# Ready to build the bridges



## swimmer_spe (May 3, 2016)

I am now at a point where I am going to be building bridges. First comes firming up the track bed








This crossover is impossible to see from the operator's position. Therefore, there is no way to know if the train has derailed. These 2 tracks will get bridges to allow the operator the ability to see the crossover.















The track under the box is the track that will pass under the bridges that will be constructed. This bridge, like most of my bridges will be curved.








The flat top part is going to be a pulp and paper mill (Where I work.) There will be a dam at the edge. Because of that, and because of the lower track, I am putting in a bridge. The lower track is actually the same track as the bridge, but it is the end of my spiral tunnel.








I am hopeful that by the end of winter, the bridges will be in place. Currently, my layout only has 1 working line, the outer loop, as there are no plans for a bridge.... but that might change.


----------



## Spence (Oct 15, 2015)

Well your off to a good start.


----------



## D&J Railroad (Oct 4, 2013)

You have to start somewhere. How detailed you want it to be is up to you.


----------



## swimmer_spe (May 3, 2016)

D&J Railroad said:


> You have to start somewhere. How detailed you want it to be is up to you.


Not quite that detailed, but enough to fool most eyes.


----------



## traction fan (Oct 5, 2014)

*Curved bridges? Operator's view improved?*



swimmer_spe said:


> I am now at a point where I am going to be building bridges. First comes firming up the track bed
> View attachment 517716
> 
> 
> ...


 swimmer_spe;

It would be a very rare real bridge that was actually curved. Without a lot of fancy engineering and construction, a curved bridge would quickly roll over to the outside of the curve and collapse whenever any load was on it. 
Wood trestles can be built curved, but, with that exception, I don't know of any curved railroad bridges in real life. Other bridges, and even steel trestles, are built with multiple straight sections, joined at angles, to form the overall "curve". (see photos) Is that what you have in mind for your bridges on a curve? Curved bridges are common enough on model railroads though, and it's your layout.

I see how inserting the bridge next to the crossover would allow the operator to look under the bridge and see the crossover, but what about seeing through the scenery under the track behind the one with the bridge? I guess you are saying that there will be another bridge in that track?

I don't know where your operator's position is, but one awful way of "knowing the train has derailed" would be the thump as it hits the floor!  A plexiglass wall along the nearby layout edge could prevent such a disaster. 

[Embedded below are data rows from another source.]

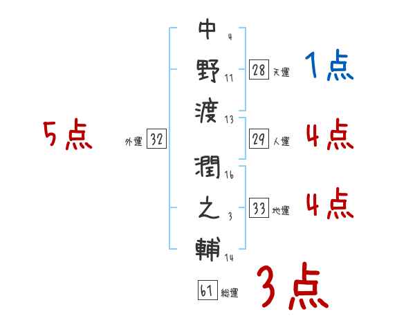中野渡潤之輔さんの画数の鑑定結果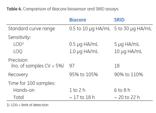 表2:比较Biacore定量检测和SRID定量检测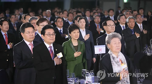 | △ 케이블TV 20주년 기념식 (서울=연합뉴스) 도광환 기자 = 박근혜 대통령이 13일 오전 서울 동대문디자인플라자(DDP)에서 열린 제20주년 케이블TV의 날 기념식에서 국기에 대한 경례를 하고 있다. |

Traction Fan :smilie_daumenpos:


----------



## traction fan (Oct 5, 2014)

*Canyon Diablo cantilever bridge?*



D&J Railroad said:


> You have to start somewhere. How detailed you want it to be is up to you.


D&J Railroad;

Beautiful job on your bridge! :appl: It looks like Canyon Diablo bridge on the Santa Fe/BNSF. My old friend George Gaskill built a brass N-scale model of the Canyon Diablo bridge for an N-trak module. My wife and I built a basswood model of the concrete arch bridge on that same module. George's bridge was impressive, but yours looks more like the real bridge. Excellent work! :thumbsup:

Traction Fan :smilie_daumenpos:


----------



## swimmer_spe (May 3, 2016)

traction fan said:


> swimmer_spe;
> 
> It would be a very rare real bridge that was actually curved. Without a lot of fancy engineering and construction, a curved bridge would quickly roll over to the outside of the curve and collapse whenever any load was on it.
> Wood trestles can be built curved, but, with that exception, I don't know of any curved railroad bridges in real life. Other bridges, and even steel trestles, are built with multiple straight sections, joined at angles, to form the overall "curve". (see photos) Is that what you have in mind for your bridges on a curve? Curved bridges are common enough on model railroads though, and it's your layout.
> ...


https://www.google.ca/search?q=mont...UDZN8KHdnVArQQ_AUoAXoECAwQAw&biw=1600&bih=758

The Montreal River Bridge on the ACR is a prime example of a curved bridge. I know it will need to be done in multiple straight sections. That is why I am starting with a straight bridge and hacking it apart to make it curve.









There is 2 tracks there. One is removed for the beginning of construction. The second one, the rail bed has not been blasted away yet. The pieces on top are for the second bridge. So, from the operator's position, you will see through both bridges.

I do plan to get some plexiglass, but not till I am ready to close it up. Fortunately, I have yet to have such a catastrophic derailment.


----------



## D&J Railroad (Oct 4, 2013)

Yes, that is a replica to full scale size of the Diablo Canyon bridge on the BNSF mainline. The model is about 7' long.
I just got the first coat of paint on it and recently re-started the scenery where it will plug into the layout. Here the bridge is sitting on top of the temporary span where it will eventually be installed. The second picture is of the real bridge. I don't recall who took the picture, but credit to him anyways.


----------